I'm not sure what to do about this: we don't do anything special wrt what CPU is being used. We only activate code paths based on what ISA features are available (e.g. AVX/AVX2/AVX512), so I don't think there's anything we can do here. The app you are using (ospTutorialBouncingSpheres) was intended as a sample way of using the OSPRay API, as OSPRay is a library intended for application developers who want to embed interactive 3D rendering in their application. I would also imagine that 12+ hour rendering jobs (i.e. running our tutorial for that long) is better suited for Xeon-class server CPUs (w/ ECC memory, for example), but I am not an expert on those kinds of details.

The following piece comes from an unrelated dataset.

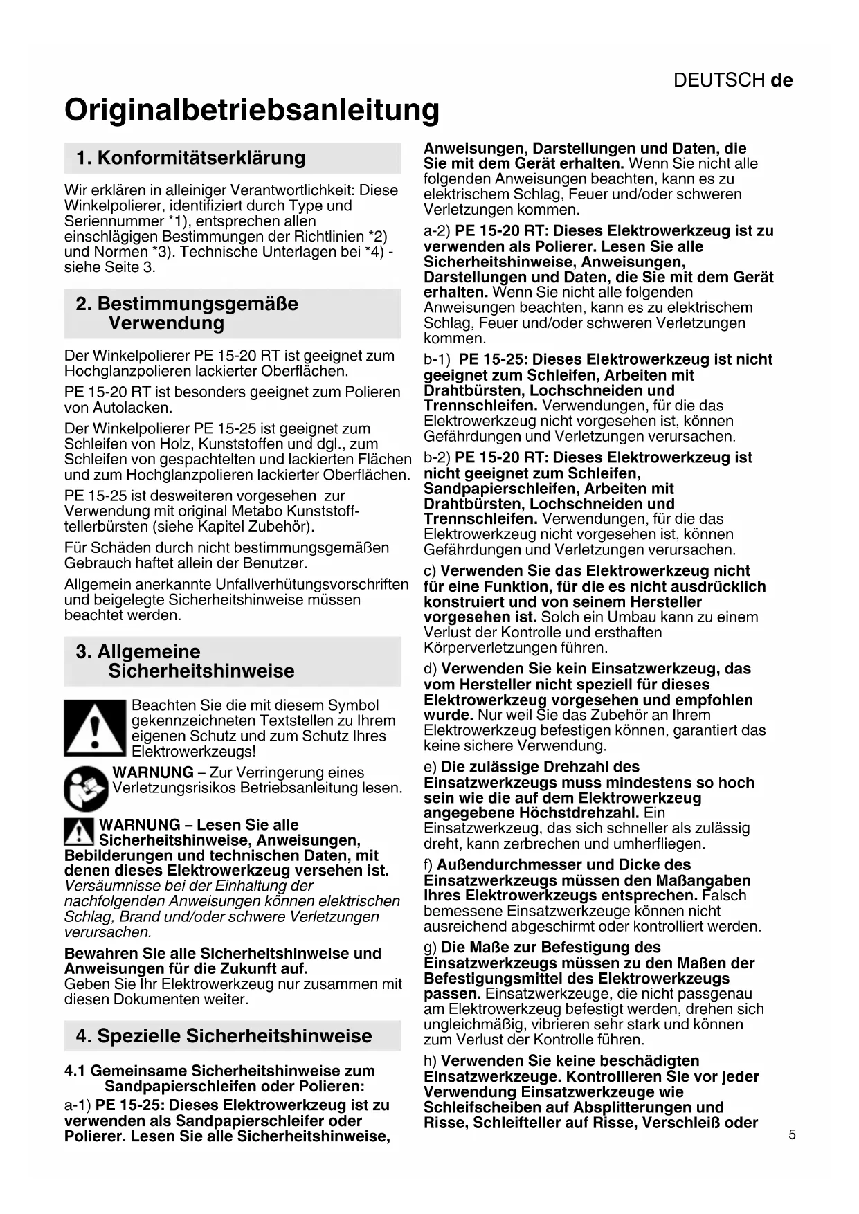 Originalbetriebsanleitung Wir erklären in alleiniger Verantwortlichkeit: Diese Winkelpolierer, identifiziert durch Type und Seriennummer *1), entsprechen allen einschlägigen Bestimmungen der Richtlinien *2) und Normen *3). Technische Unterlagen bei *4) - siehe Seite 3. Der Winkelpolierer PE 15-20 RT ist geeignet zum Hochglanzpolieren lackierter Oberflächen. PE 15-20 RT ist besonders geeignet zum Polieren von Autolacken. Der Winkelpolierer PE 15-25 ist geeignet zum Schleifen von Holz, Kunststoffen und dgl., zum Schleifen von gespachtelten und lackierten Flächen und zum Hochglanzpolieren lackierter Oberflächen. PE 15-25 ist desweiteren vorgesehen zur Verwendung mit original Metabo Kunststoff- tellerbürsten (siehe Kapitel Zubehör). Für Schäden durch nicht bestimmungsgemäßen Gebrauch haftet allein der Benutzer. Allgemein anerkannte Unfallverhütungsvorschriften und beigelegte Sicherheitshinweise müssen beachtet werden. Beachten Sie die mit diesem Symbol gekennzeichneten Textstellen zu Ihrem eigenen Schutz und zum Schutz Ihres Elektrowerkzeugs! WARNUNG – Zur Verringerung eines Verletzungsrisikos Betriebsanleitung lesen. WARNUNG – Lesen Sie alle Sicherheitshinweise, Anweisungen, Bebilderungen und technischen Daten, mit denen dieses Elektrowerkzeug versehen ist. Versäumnisse bei der Einhaltung der nachfolgenden Anweisungen können elektrischen Schlag, Brand und/oder schwere Verletzungen verursachen. Bewahren Sie alle Sicherheitshinweise und Anweisungen für die Zukunft auf. Geben Sie Ihr Elektrowerkzeug nur zusammen mit diesen Dokumenten weiter.

johguenther commented 4 years ago

Just some idea: it could be a hardware issue like an insufficient power supply (which is triggered by heavy CPU use) or faulty memory. Your could try https://en.wikipedia.org/wiki/Prime95#Use_for_stress_testing or https://www.memtest86.com/ to double check.

Micros-DJB commented 4 years ago

To jeffamstutz - thanks for the insights into what can or can't be done within this app/group. I was not really expecting that there would be much that could be done, but was following up on the Intel Premiere Support group's suggestion.

We did in fact find a glitch in the IMVP8 power supply when operating under extreme switching conditions, and made adjustments to the power supply chipset compensation network which solved the spontaneous reboot. So the comments by johguenther were definitely in the ballpark.

Sorry to not have updated sooner, and thanks for the consideration to the issue and the suggestions provided.